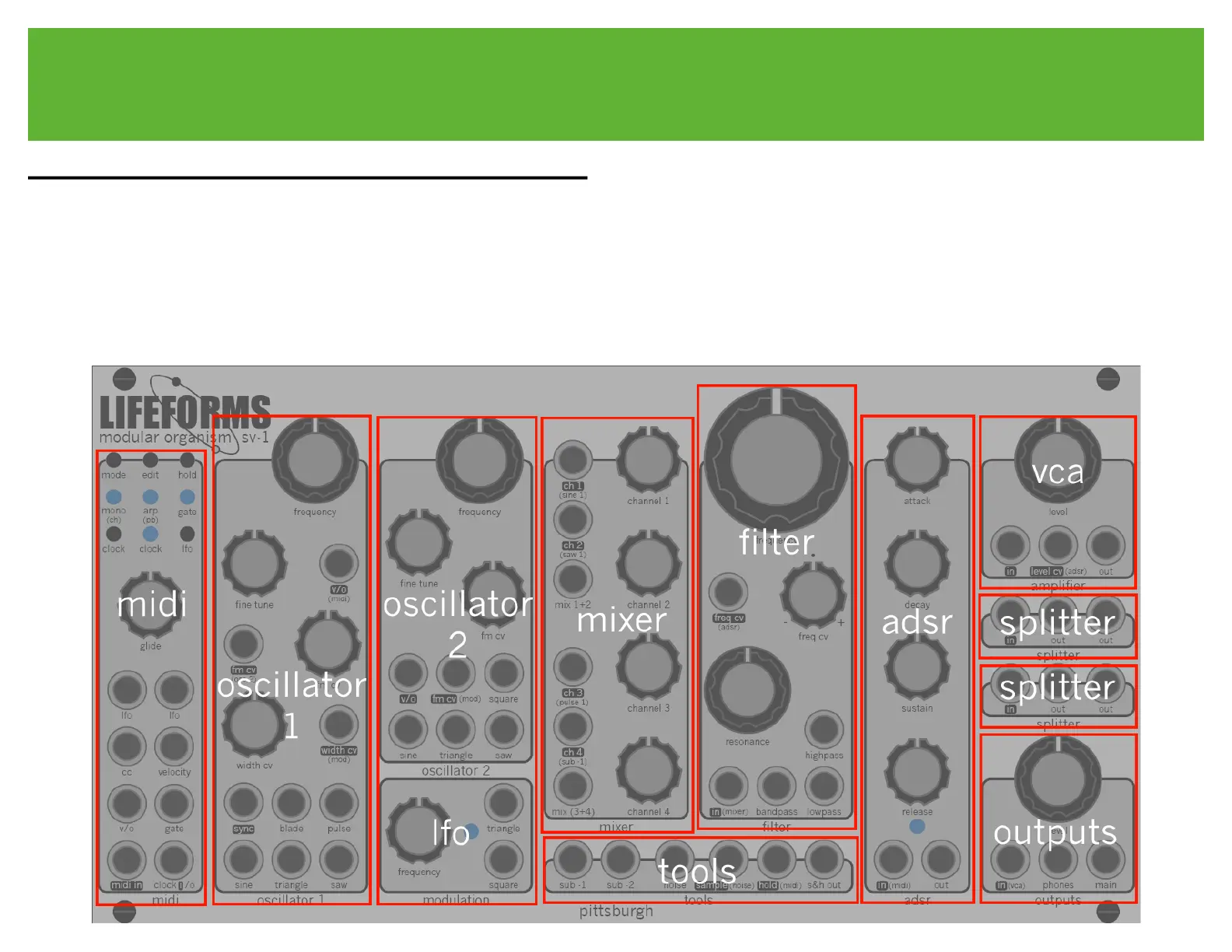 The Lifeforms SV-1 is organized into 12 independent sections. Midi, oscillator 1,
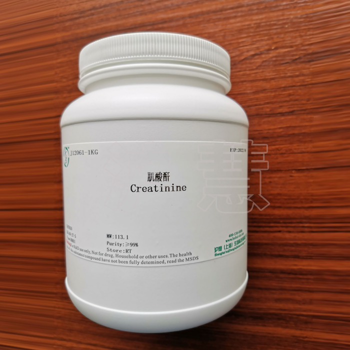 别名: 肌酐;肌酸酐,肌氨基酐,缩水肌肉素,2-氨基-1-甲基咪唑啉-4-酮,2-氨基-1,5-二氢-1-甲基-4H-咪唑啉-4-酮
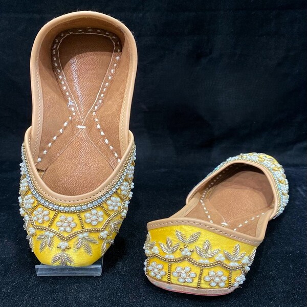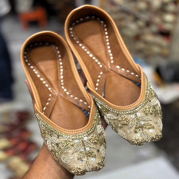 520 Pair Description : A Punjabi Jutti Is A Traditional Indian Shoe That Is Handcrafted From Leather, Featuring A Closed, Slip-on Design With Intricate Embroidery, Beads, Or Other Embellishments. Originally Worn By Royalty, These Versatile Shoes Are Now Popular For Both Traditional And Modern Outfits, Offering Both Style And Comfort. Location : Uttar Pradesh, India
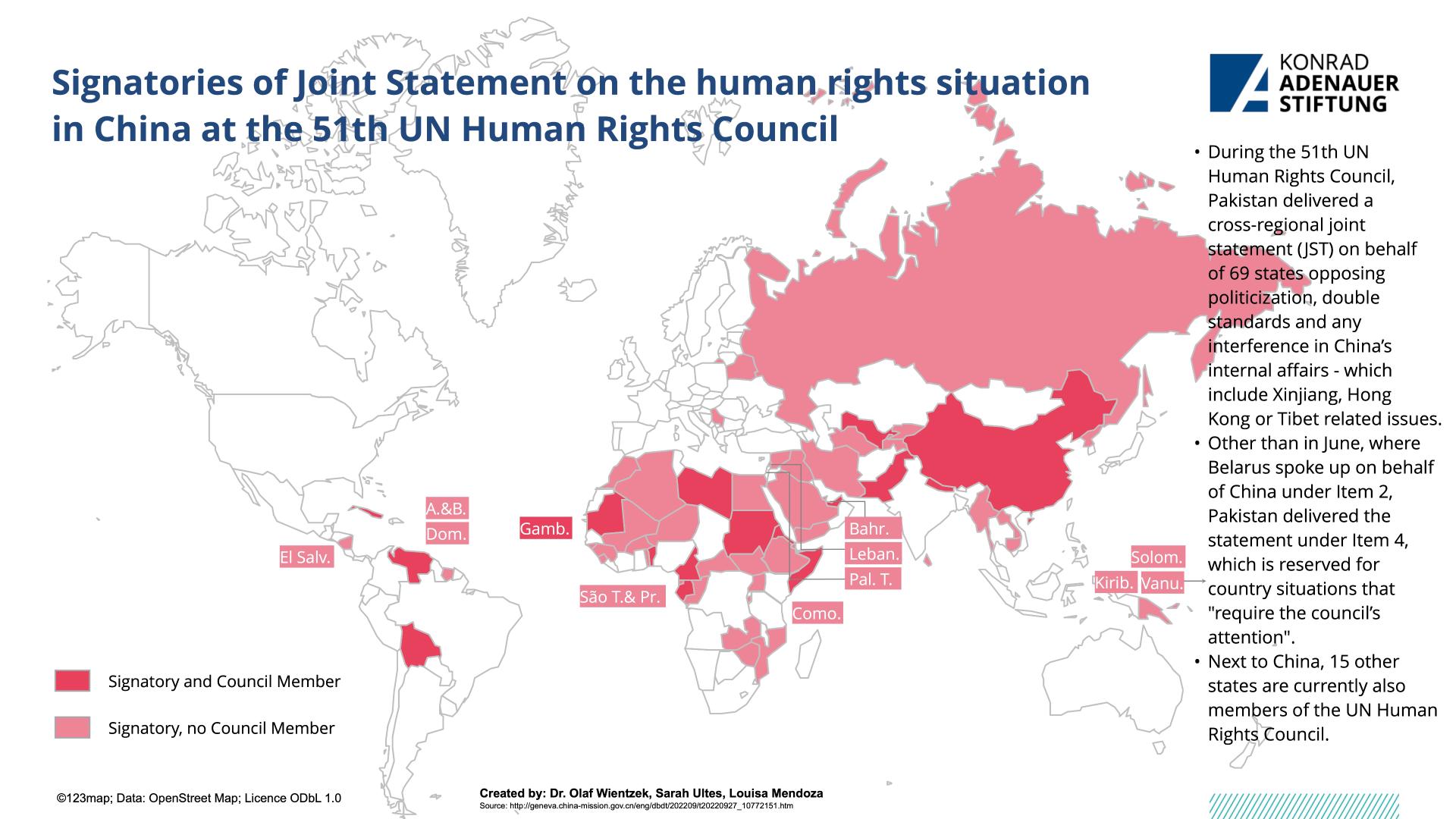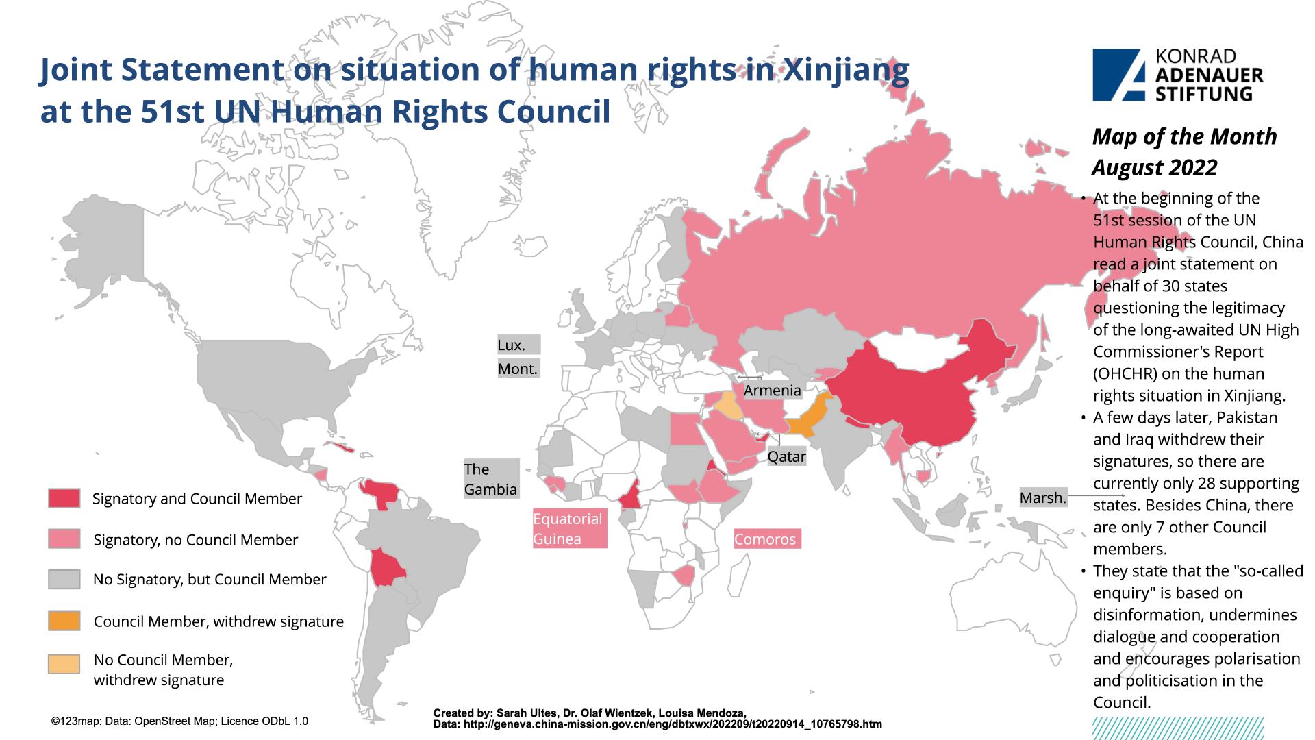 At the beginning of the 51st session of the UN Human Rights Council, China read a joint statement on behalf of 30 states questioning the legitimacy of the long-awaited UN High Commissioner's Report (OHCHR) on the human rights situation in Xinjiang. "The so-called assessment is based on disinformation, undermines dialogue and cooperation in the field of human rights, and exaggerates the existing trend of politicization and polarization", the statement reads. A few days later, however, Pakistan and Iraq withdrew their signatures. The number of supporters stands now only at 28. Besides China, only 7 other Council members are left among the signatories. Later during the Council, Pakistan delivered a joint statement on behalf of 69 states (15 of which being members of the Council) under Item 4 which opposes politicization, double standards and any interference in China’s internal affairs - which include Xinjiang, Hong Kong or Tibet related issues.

· · · ·

REQUIREMENT.
Every line from the start of the listing above through the line with "520 Pair Description" should be repeated exactly; skip the pictures and add nothing else.

RESULT BELOW.
 The Lifeforms SV-1 is organized into 12 independent sections. Midi, oscillator 1,
 别名: 肌酐;肌酸酐,肌氨基酐,缩水肌肉素,2-氨基-1-甲基咪唑啉-4-酮,2-氨基-1,5-二氢-1-甲基-4H-咪唑啉-4-酮
 520 Pair Description : A Punjabi Jutti Is A Traditional Indian Shoe That Is Handcrafted From Leather, Featuring A Closed, Slip-on Design With Intricate Embroidery, Beads, Or Other Embellishments. Originally Worn By Royalty, These Versatile Shoes Are Now Popular For Both Traditional And Modern Outfits, Offering Both Style And Comfort. Location : Uttar Pradesh, India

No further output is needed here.